La pieza de cámara, casi teatral, que nos propone Rojas funciona porque ha tenido la suerte de contar con unas actrices y unos actores que hacen suyos unos personajes en los que vemos una completa galería de tipos que reconocemos con facilidad y que no varían mucho de los que hoy encontraríamos en cualquier grupo de amigos o colegas. Destacan por sus matices y verdad Paula Usero, cuya Marisol podría ser la secundaria entre inocente y valiente de una película de Woody Allen, y un Pablo Gómez-Cando que nos hace tan creíble a Paco, ese hombre que es una suerte de anti-héroe, en las antípodas del viril sujeto también machirulo de izquierdas, y que tanto nos dice de lo muy necesario que es, para nuestra salud, pero también para la de la democracia, curarse de hombría.

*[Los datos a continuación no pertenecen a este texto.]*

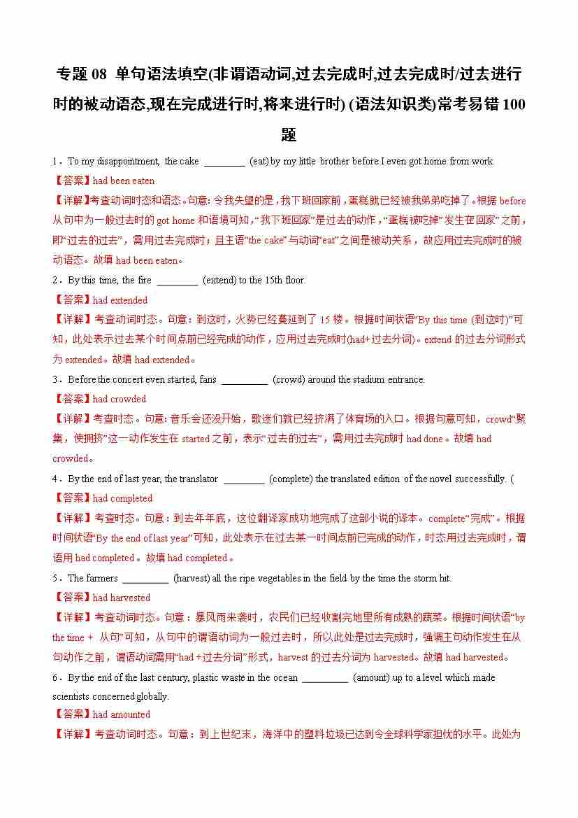 考前押题08 单句语法填空(语法知识类)常考易错100题(期末复习专项训练)(解析版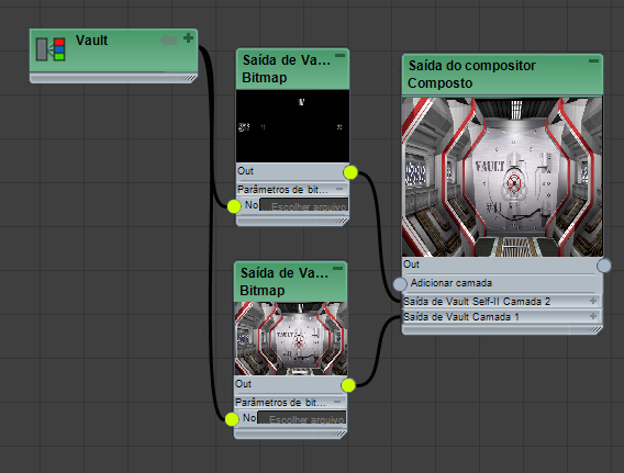 Cada estado é representado na Vista do compositor com pelo menos dois nós: o próprio estado do nó, mostrando todas as propriedades registradas, e o nó de bitmap de saída, com uma miniatura. Além disso, com o comando Vista do compositor (RE), quaisquer elementos de renderização ativados também são representados como nós de bitmap com miniaturas. Todos os nós de bitmap são conectados a um nó de Saída do compositor que mostra todas as saídas de bitmap sobrepostas em uma única imagem e contém controles de composição. Isso representa os dados que os Conjuntos de estados enviarão para o Photoshop ou After Effects, diretamente usando a função Link do compositor, ou indiretamente gerando um arquivo PSD.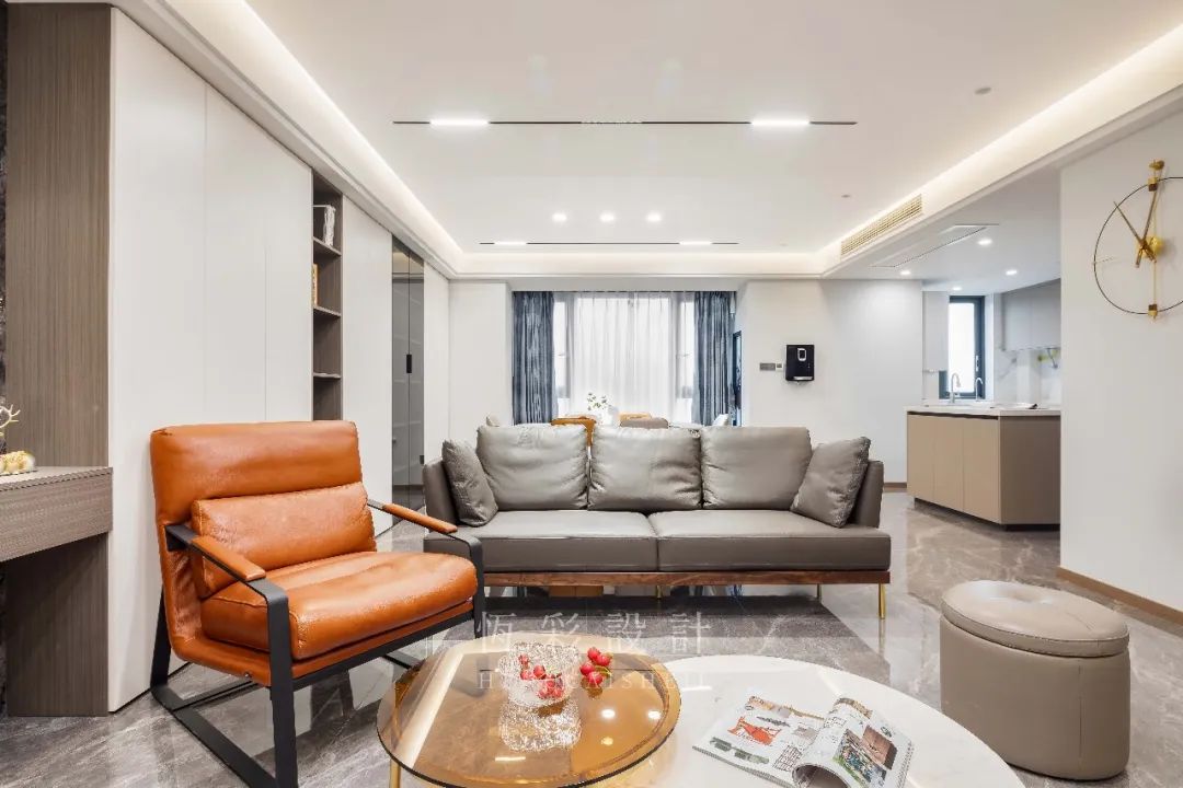 灰调皮质沙发,造型极致简洁,气质低调,将一侧的橙调皮质单人椅凸显得愈发活泼生动,在光线的漫射下光感俱佳。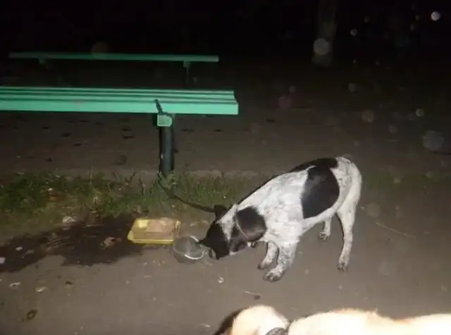 Прогуливаясь по парку поздним вечером, мужчина обнаружил собаку, которая была привязана к лавочке. Рядом с ней находилось несколько пустых контейнеров от еды и воды, а к скамейке был прикреплен еще и какой-то лист бумаги. Собака не огрызалась и не лаяла, а сразу начала давать лапу и скулить.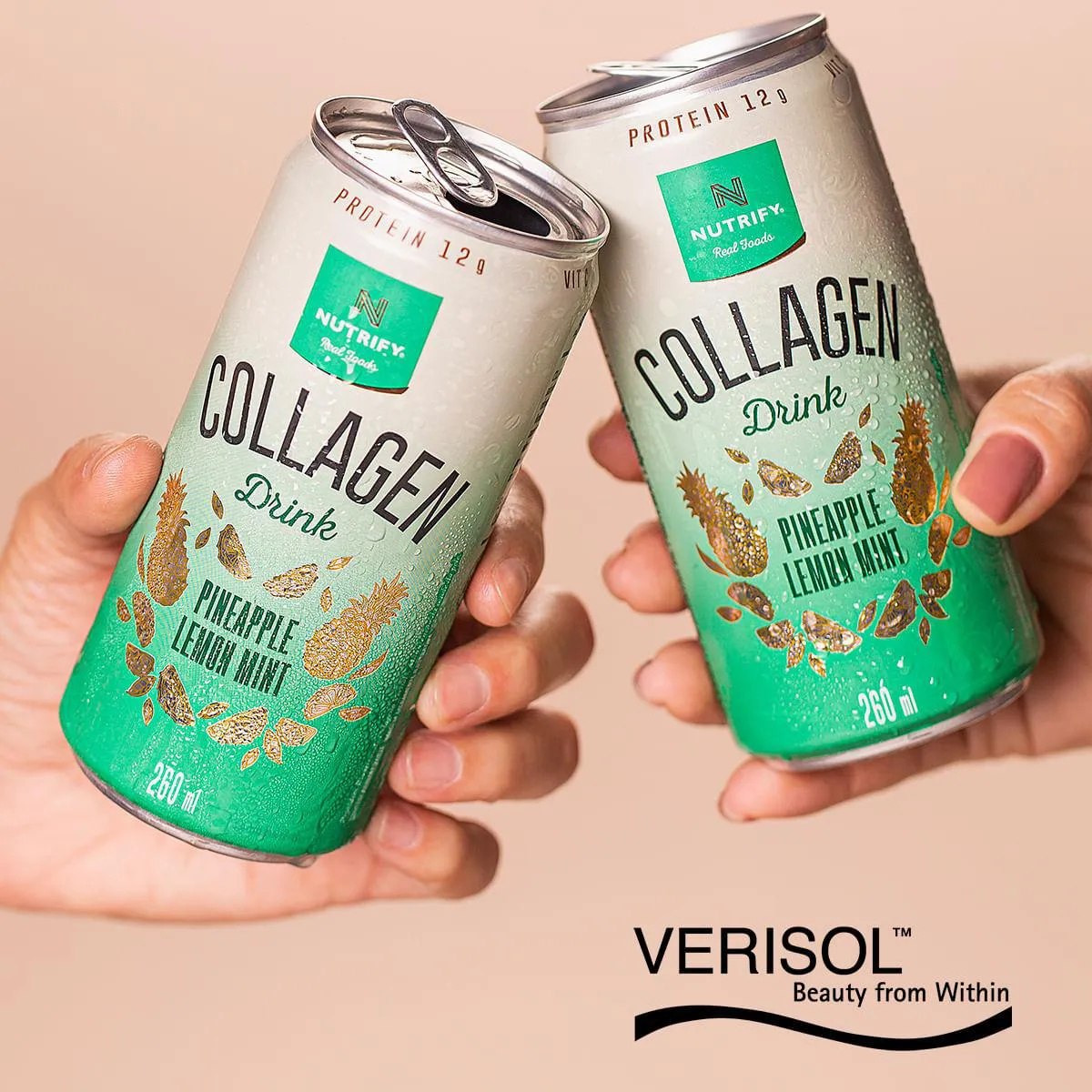 Uma bebida refrescante e levemente gaseificada, desenvolvida com ingredientes que agem de forma sinérgica para manter ou melhorar as funcionalidades da pele. Collagen Drink é o 1º suplemento ready to drink (pronto para beber) do Brasil com fonte proteica 100% proveniente de colágeno e 2,5 g de peptídeos bioativos de colágeno VERISOL® em sua composição.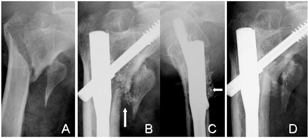 No major adverse effect such as infection was found in any patient. Two weeks after surgery, β-TCP granules were clearly visible in their original place, but new bone formation was not observed. Four weeks after surgery the margins of the β-TCP granules were unclear Figs. (6A, 6B, 6C) and new bone formation was found in 11 cases. By 8 weeks after surgery, most of the β-TCP granules had disappeared and callus formation was seen in all cases. At 12 weeks, union of the intertrochanteric fracture and marked new bone formation were found around the lesser trochanter in all cases (Figs. 3, 5, and 6D). No varus deformity more than 5° was observed.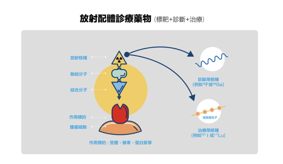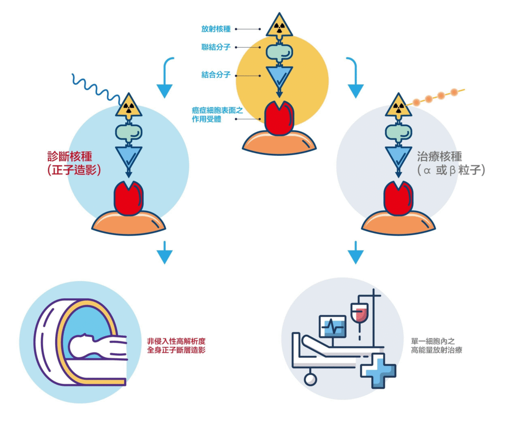 如225Ac或177Lu能釋放α粒子或β粒子,專門用來摧毀癌細胞或病變組織。這些放射性核種被設計來聚焦於癌症部位,並釋放能量以達到治療效果。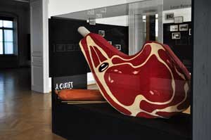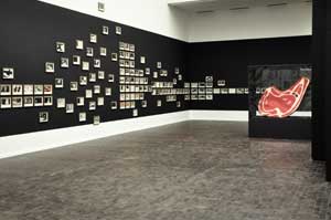 Die Ausstellung in Sankt Gallen, „Schritte ins Reich der Kunst“, war hingegen ein Tagtraum, große Fenster erhellten die Räume, der dunkelste wirkte dort wie ein vergessener Saal in einem vergessenem Archiv, oder in einem Museum, das man außerhalb der Öffnungszeiten besucht. In einem hellen Raum, in der nüchternen Atmosphäre eines naturhistorischen Museums präsentierte sich in einer Vitrine das Riesen-Kotelett. Und statt informativer musealer Schautafeln an den Wänden – beunruhigende, skurrile und groteske Bilderstrecken von van Eeden. Von dort aus ging es also ins Reich der Kunst – und man könnte dabei die eigenen Schritte hören.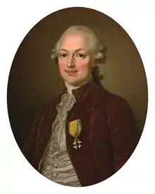 Baron Erik Magnus Staël von Holstein, (25 October 1749, Loddby, Sweden – 9 May 1802, Poligny, France) was a Swedish diplomat, soldier and courtier best known for being Sweden's Ambassador to France during the end of the Ancien Regime and the early years of the French Revolution, as well as being the husband of Madame de Staël. Erik Magnus assisted Gustav III during the Swedish Revolution of 1772 and was later named Chamberlain to Queen Sophia Magdalena. In 1783, he was appointed chargé d'affaires to the Court of France, and in 1785 he was named Ambassador. On 21 January 1786, he married the daughter of the French Minister of Finance, Jacques Necker, mademoiselle Anne Louise Germaine Necker, who was to achieve fame as "Madame de Staël".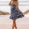 This feminine floral dress has thin adjustable straps, a ruffle trimmed keyhole neckline that ties & a fitted upper bodice that falls into a flirty mini skirt with a flounced bottom hem.

Sin ser una película redonda, ni falta que le hace, Solos en la noche transmite todo el amor con que Guillermo ha tejido a los personajes y toda la ternura, que también es política, sobre lo necesario en cualquier democracia del compromiso de los sujetos que desde su ámbito profesional – en este caso, la abogacía, en claro homenaje a aquellos históricos hombres comprometidos del despacho de San Felipe – reman para que el sistema funcione, y a ser posible sin que deje fuera a los más vulnerables. Desde ese vínculo, que es íntimo y ético, Rojas nos ha escrito no solo, como apuntaba antes, una carta de amor a los hombres y mujeres de una generación de este país, y también a las referencias culturales que les sirvieron de sostén emocional, sino también, y no creo que peque de exagerado, una carta de amor a la democracia. Una llamada de atención, como nos hace Paco a través de una radio que no sabe si estará escuchando alguien, sobre la fragilidad de este sistema que pretende organizar la convivencia sobre la igualdad de derechos. De esta manera, Solos en la noche abre también una ventana hacia el futuro y se convierte no solo en un ejercicio de memoria democrática sino también en un horizonte de posibilidad para unas jóvenes generaciones que tal vez piensen que los derechos se heredan y no se luchan. Una lección que, con la ternura y el humor que encierran esta película, esas dos armas tan revolucionarias, incorporo desde ya en el programa de las asignaturas que enseño en Derecho.